Arformoterol, the (R,R)-enantiomer of formoterol, is a selective long-acting beta₂-adrenergic receptor agonist (beta₂-agonist) that has two-fold greater potency than racemic formoterol (which contains both the (S,S) and (R,R)-enantiomers). The (S,S)-enantiomer is about 1,000-fold less potent as a beta₂-agonist than the (R,R)-enantiomer. While it is recognized that beta₂-receptors are the predominant adrenergic receptors in bronchial smooth muscle and beta₁-receptors are the predominant receptors in the heart, data indicate that there are also beta₂-receptors in the human heart comprising 10% to 50% of the total beta-adrenergic receptors. The precise function of these receptors has not been established, but they raise the possibility that even highly selective beta₂-agonists may have cardiac effects.

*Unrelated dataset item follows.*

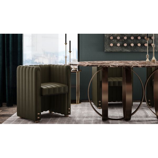 Structure: Beechwood,feet in aged brushed brass Upholstery: Geniune leather Details: Aged brushed brass
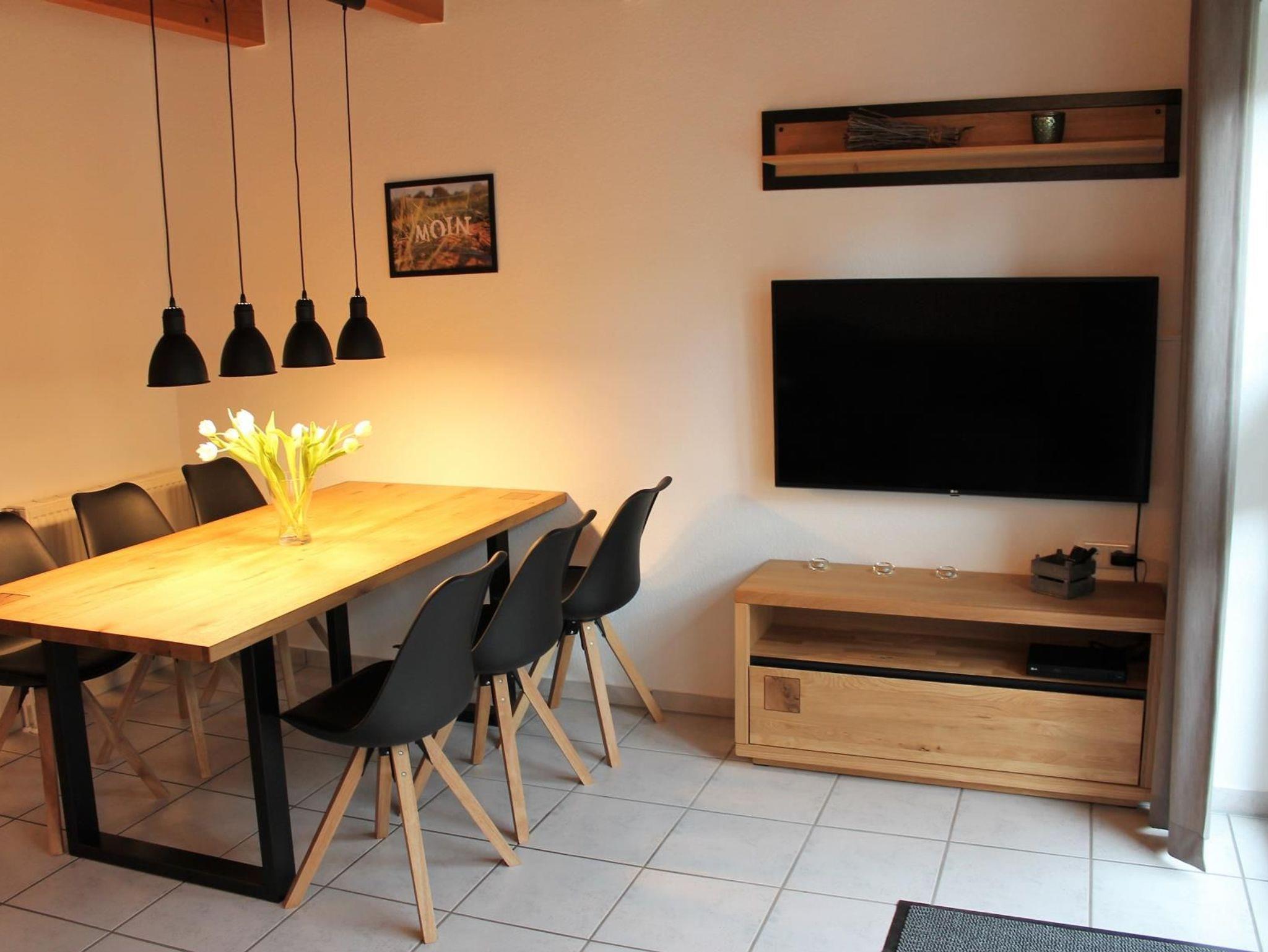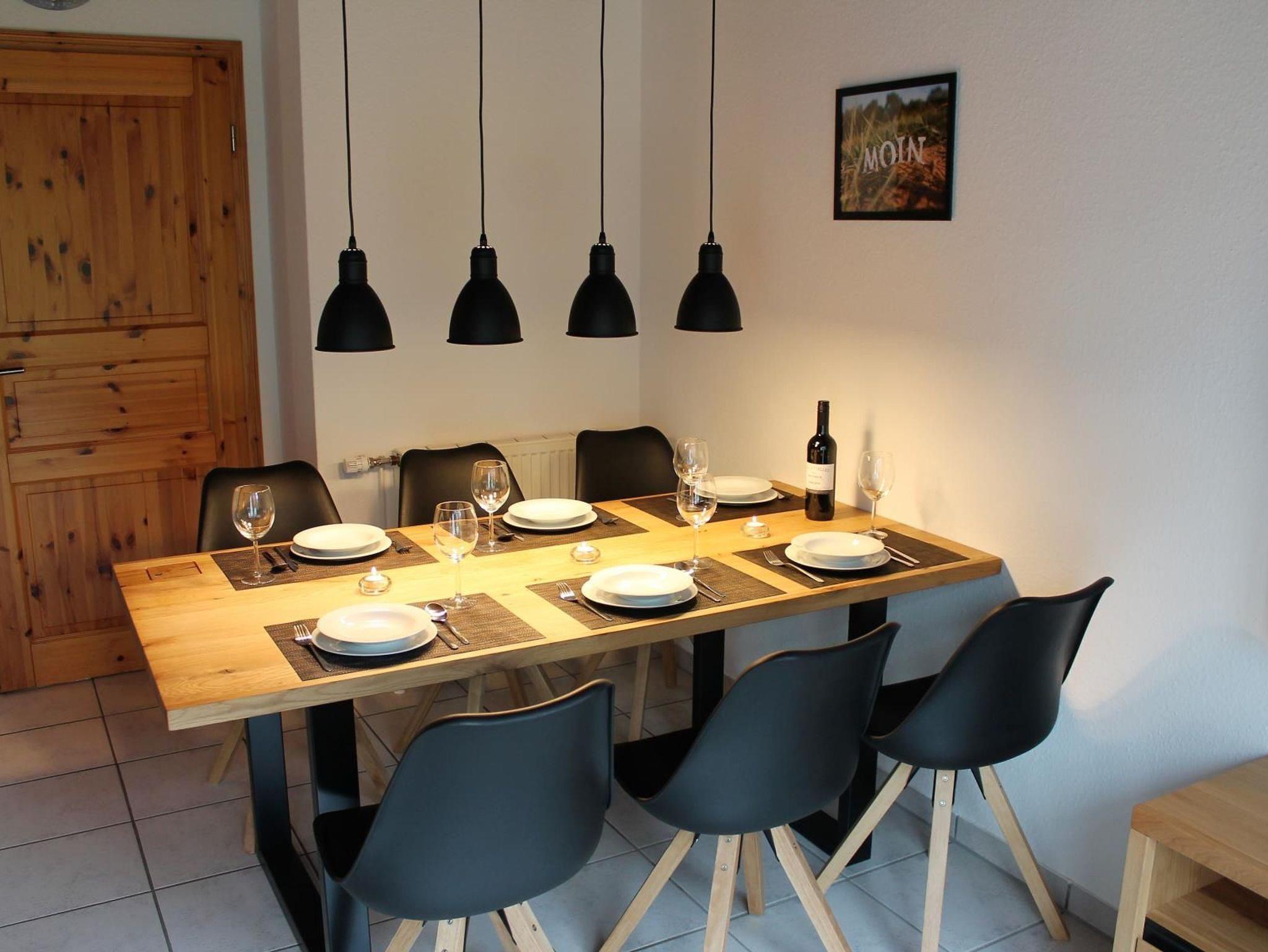 Im Wohnzimmer mit Essbereich erwarten Sie ein gemütliches Sofa, Sessel und Couchtisch. Ein großer Flachbild-TV (49 Zoll) und ein Blu-Ray-Player sorgen für Ihre Unterhaltung. Zum gemeinsamen Essen und Trinken lädt der große Esstisch mit sechs Stühlen ein.

The pharmacologic effects of beta₂-adrenoceptor agonist drugs, including arformoterol, are at least in part attributable to stimulation of intracellular adenyl cyclase, the enzyme that catalyzes the conversion of adenosine triphosphate (ATP) to cyclic-3′,5′-adenosine monophosphate (cyclic AMP). Increased intracellular cyclic AMP levels cause relaxation of bronchial smooth muscle and inhibition of release of mediators of immediate hypersensitivity from cells, especially from mast cells.

In vitro tests show that arformoterol is an inhibitor of the release of mast cell mediators, such as histamine and leukotrienes, from the human lung. Arformoterol also inhibits histamine-induced plasma albumin extravasation in anesthetized guinea pigs and inhibits allergen-induced eosinophil influx in dogs with airway hyper-responsiveness. The relevance of these in vitro and animal findings to humans is unknown.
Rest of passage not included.